:: EXERCISE ::
Among the lines below, the one containing "និង អំពើក្លែងឯកសារ និងប្រើប្រាស់លិខិតក្លែង" opens the range and the one containing "UPPAbaby G-Link V2" closes it. Print that range exactly, without the pictures.

INPUT FOR THIS TASK Block Start

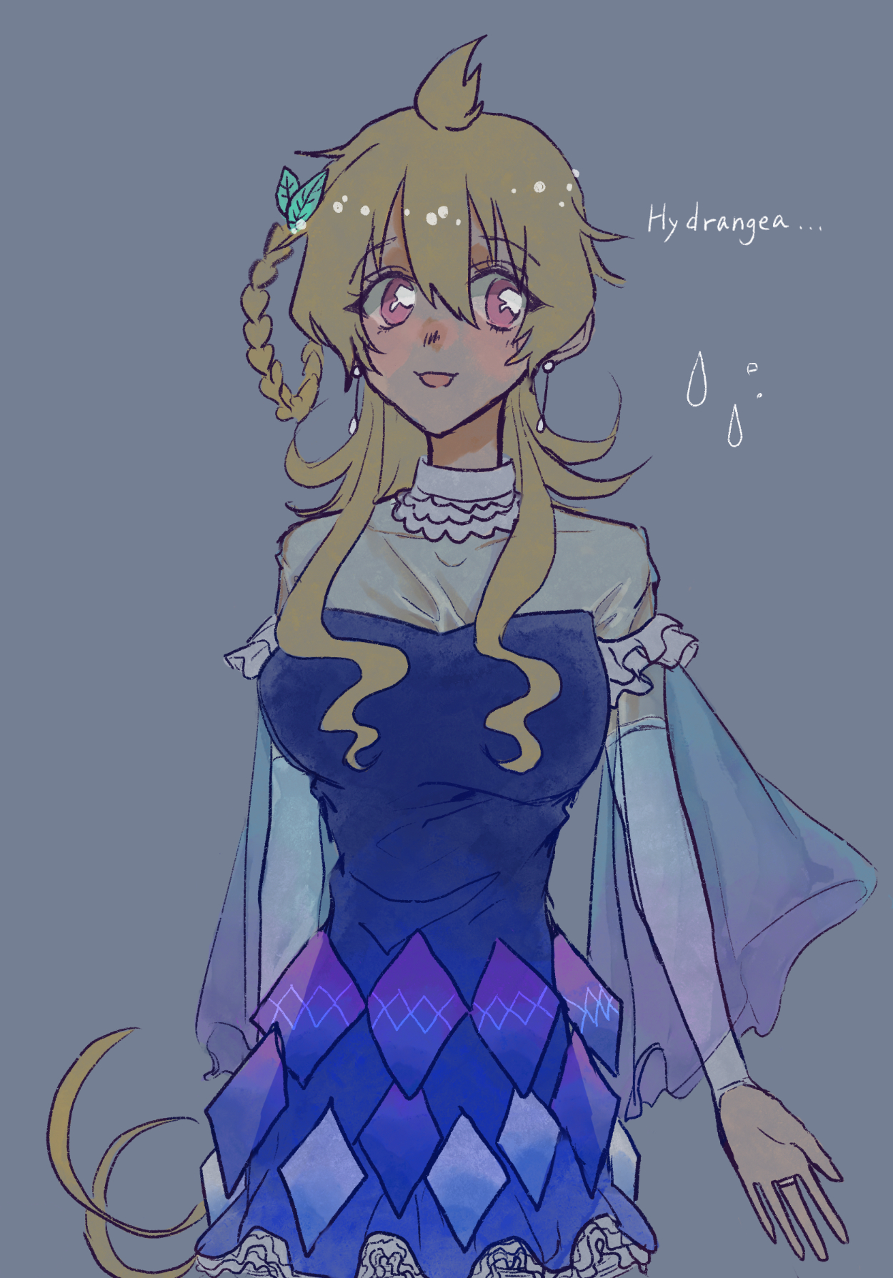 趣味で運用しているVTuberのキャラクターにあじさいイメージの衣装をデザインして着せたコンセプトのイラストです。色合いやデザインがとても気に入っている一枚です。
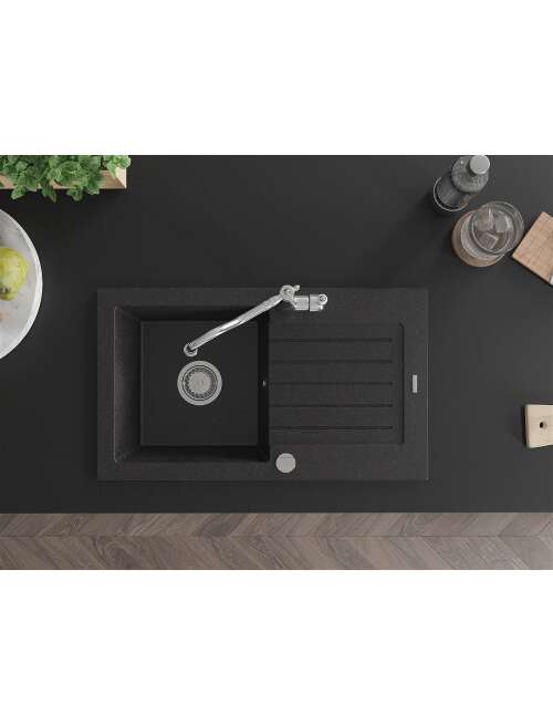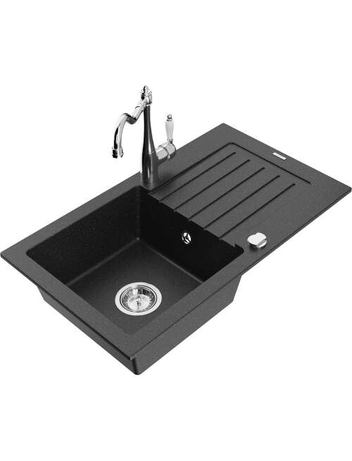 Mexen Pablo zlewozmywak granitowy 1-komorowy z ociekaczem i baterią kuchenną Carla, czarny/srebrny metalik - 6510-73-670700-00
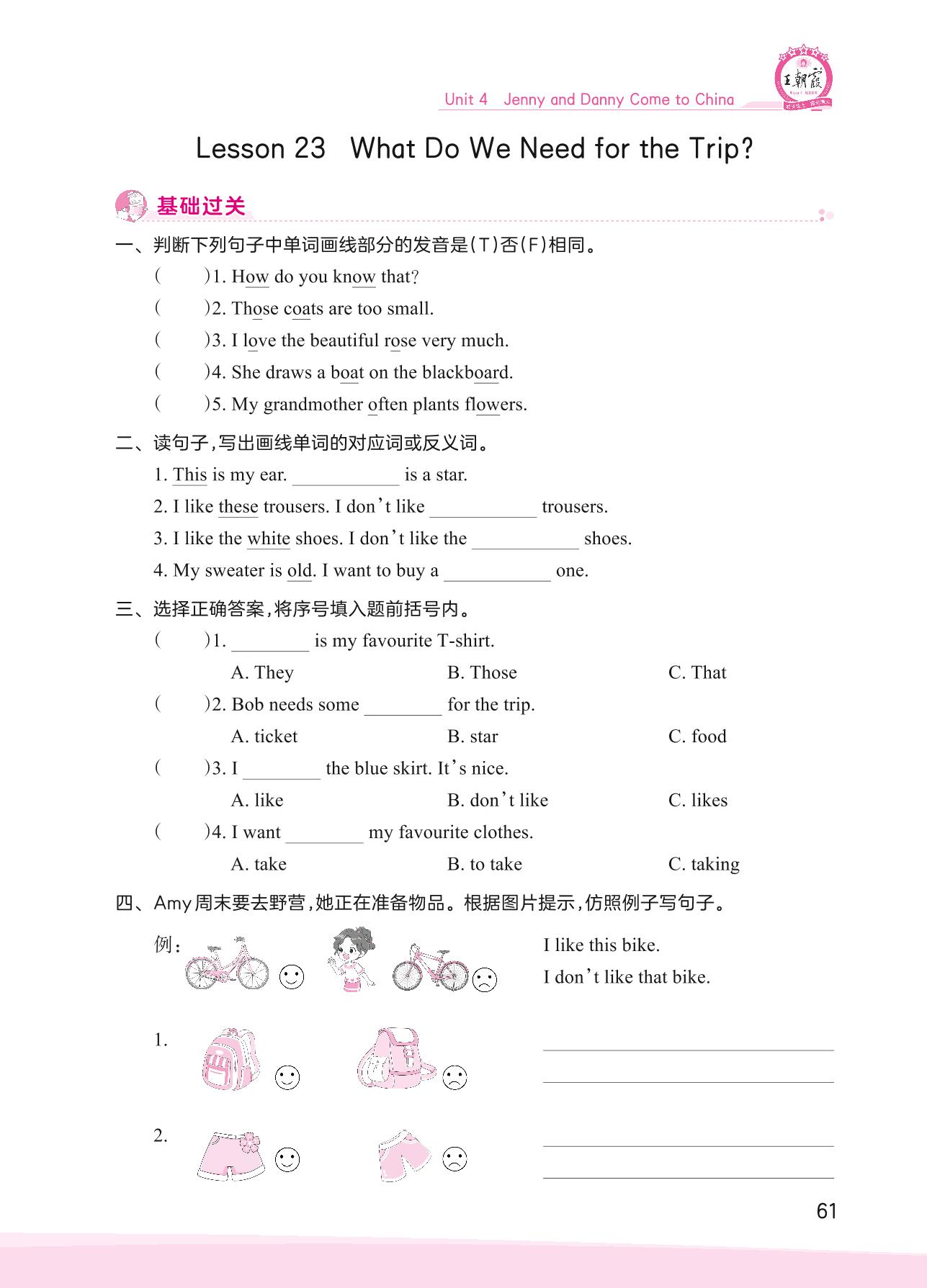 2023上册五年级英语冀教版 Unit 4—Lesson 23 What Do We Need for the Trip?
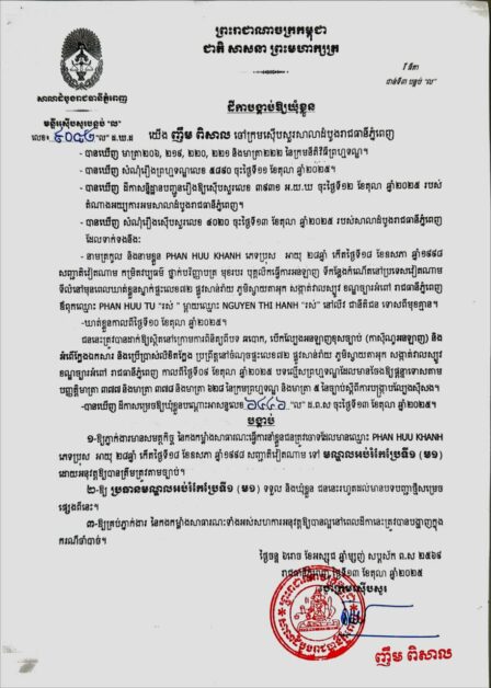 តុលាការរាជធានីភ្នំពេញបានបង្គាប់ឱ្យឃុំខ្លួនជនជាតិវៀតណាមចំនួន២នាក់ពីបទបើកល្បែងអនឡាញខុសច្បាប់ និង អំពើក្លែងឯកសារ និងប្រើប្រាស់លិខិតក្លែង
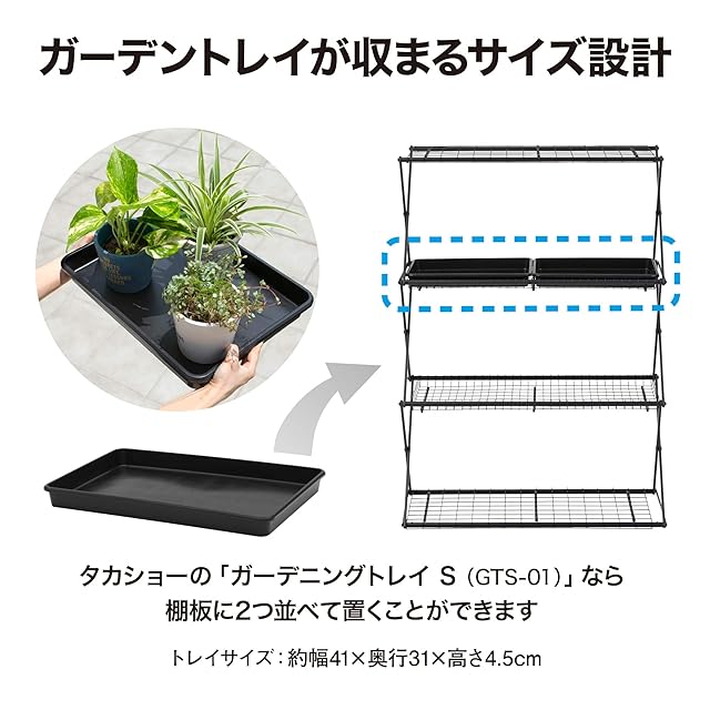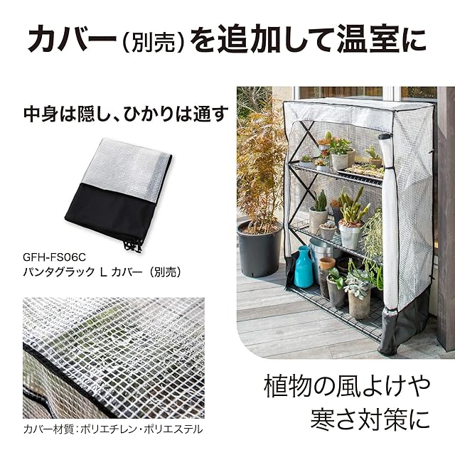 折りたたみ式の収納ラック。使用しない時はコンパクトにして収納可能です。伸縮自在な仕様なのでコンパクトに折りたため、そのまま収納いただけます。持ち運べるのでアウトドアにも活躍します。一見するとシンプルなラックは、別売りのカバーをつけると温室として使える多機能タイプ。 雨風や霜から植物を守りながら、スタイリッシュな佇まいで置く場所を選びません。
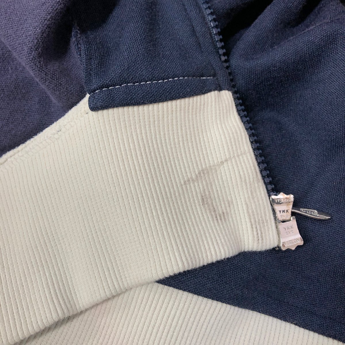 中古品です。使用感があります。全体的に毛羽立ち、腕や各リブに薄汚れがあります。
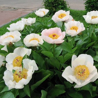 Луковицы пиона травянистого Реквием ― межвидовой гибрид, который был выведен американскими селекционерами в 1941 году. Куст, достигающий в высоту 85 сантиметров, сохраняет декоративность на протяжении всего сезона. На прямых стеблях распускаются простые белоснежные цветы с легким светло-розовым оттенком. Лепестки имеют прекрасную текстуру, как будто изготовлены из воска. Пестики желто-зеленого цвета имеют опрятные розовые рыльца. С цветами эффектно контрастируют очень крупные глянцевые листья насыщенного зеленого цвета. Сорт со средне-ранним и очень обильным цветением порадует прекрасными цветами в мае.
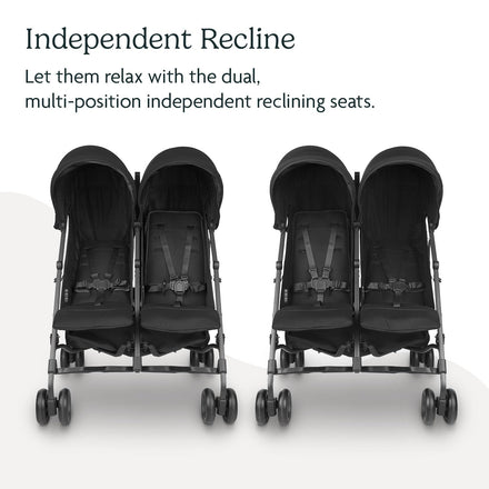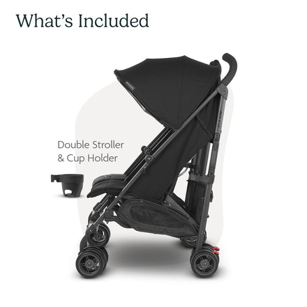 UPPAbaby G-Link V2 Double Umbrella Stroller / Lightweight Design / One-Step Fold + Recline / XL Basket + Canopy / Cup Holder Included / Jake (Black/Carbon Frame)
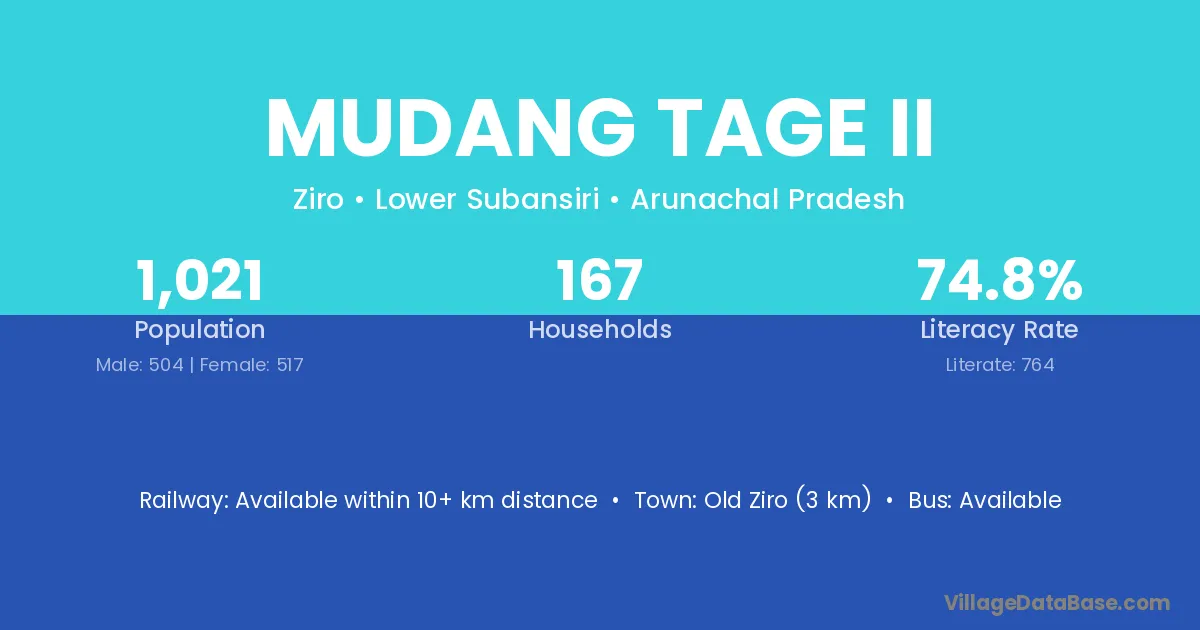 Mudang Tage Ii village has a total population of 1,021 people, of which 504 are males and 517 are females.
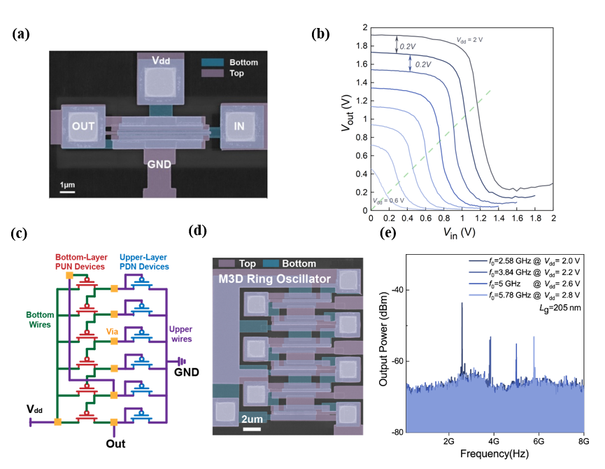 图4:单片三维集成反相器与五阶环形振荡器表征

INPUT FOR THIS TASK Block End

:: OUTPUT FOR THIS TASK ::
 តុលាការរាជធានីភ្នំពេញបានបង្គាប់ឱ្យឃុំខ្លួនជនជាតិវៀតណាមចំនួន២នាក់ពីបទបើកល្បែងអនឡាញខុសច្បាប់ និង អំពើក្លែងឯកសារ និងប្រើប្រាស់លិខិតក្លែង
 折りたたみ式の収納ラック。使用しない時はコンパクトにして収納可能です。伸縮自在な仕様なのでコンパクトに折りたため、そのまま収納いただけます。持ち運べるのでアウトドアにも活躍します。一見するとシンプルなラックは、別売りのカバーをつけると温室として使える多機能タイプ。 雨風や霜から植物を守りながら、スタイリッシュな佇まいで置く場所を選びません。
 中古品です。使用感があります。全体的に毛羽立ち、腕や各リブに薄汚れがあります。
 Луковицы пиона травянистого Реквием ― межвидовой гибрид, который был выведен американскими селекционерами в 1941 году. Куст, достигающий в высоту 85 сантиметров, сохраняет декоративность на протяжении всего сезона. На прямых стеблях распускаются простые белоснежные цветы с легким светло-розовым оттенком. Лепестки имеют прекрасную текстуру, как будто изготовлены из воска. Пестики желто-зеленого цвета имеют опрятные розовые рыльца. С цветами эффектно контрастируют очень крупные глянцевые листья насыщенного зеленого цвета. Сорт со средне-ранним и очень обильным цветением порадует прекрасными цветами в мае.
 UPPAbaby G-Link V2 Double Umbrella Stroller / Lightweight Design / One-Step Fold + Recline / XL Basket + Canopy / Cup Holder Included / Jake (Black/Carbon Frame)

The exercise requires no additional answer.